▸ **Exercise objective**: Reproduce the listing in full, pictures excluded.

▸ **Collected data**:
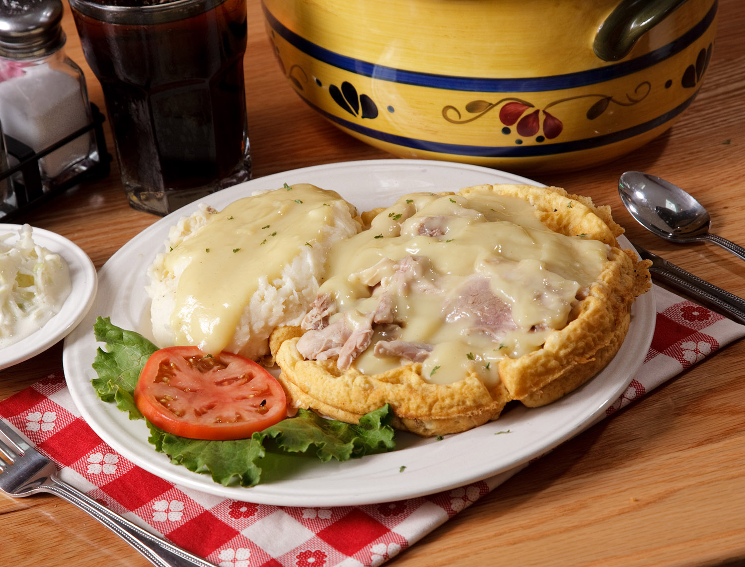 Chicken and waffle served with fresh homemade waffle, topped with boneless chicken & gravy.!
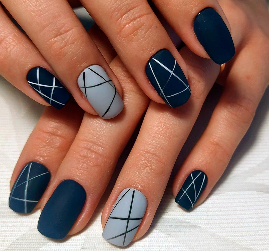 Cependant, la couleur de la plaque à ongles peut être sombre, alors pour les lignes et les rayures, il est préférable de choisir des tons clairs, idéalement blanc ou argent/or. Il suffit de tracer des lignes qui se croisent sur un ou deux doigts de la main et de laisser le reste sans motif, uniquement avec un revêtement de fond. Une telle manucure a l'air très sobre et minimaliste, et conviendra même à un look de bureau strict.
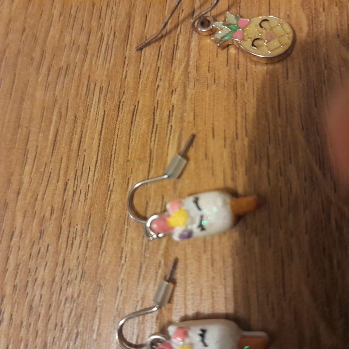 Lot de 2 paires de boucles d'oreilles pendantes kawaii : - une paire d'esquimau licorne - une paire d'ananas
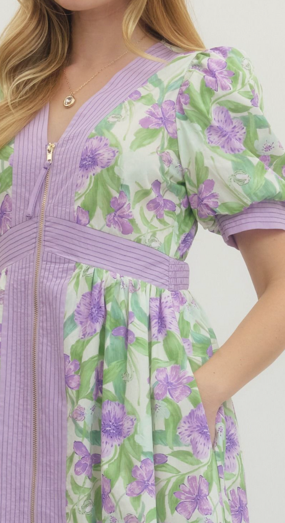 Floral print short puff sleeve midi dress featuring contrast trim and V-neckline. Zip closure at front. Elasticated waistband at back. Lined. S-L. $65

▸ **Task solution**:
 Chicken and waffle served with fresh homemade waffle, topped with boneless chicken & gravy.!
 Cependant, la couleur de la plaque à ongles peut être sombre, alors pour les lignes et les rayures, il est préférable de choisir des tons clairs, idéalement blanc ou argent/or. Il suffit de tracer des lignes qui se croisent sur un ou deux doigts de la main et de laisser le reste sans motif, uniquement avec un revêtement de fond. Une telle manucure a l'air très sobre et minimaliste, et conviendra même à un look de bureau strict.
 Lot de 2 paires de boucles d'oreilles pendantes kawaii : - une paire d'esquimau licorne - une paire d'ananas
 Floral print short puff sleeve midi dress featuring contrast trim and V-neckline. Zip closure at front. Elasticated waistband at back. Lined. S-L. $65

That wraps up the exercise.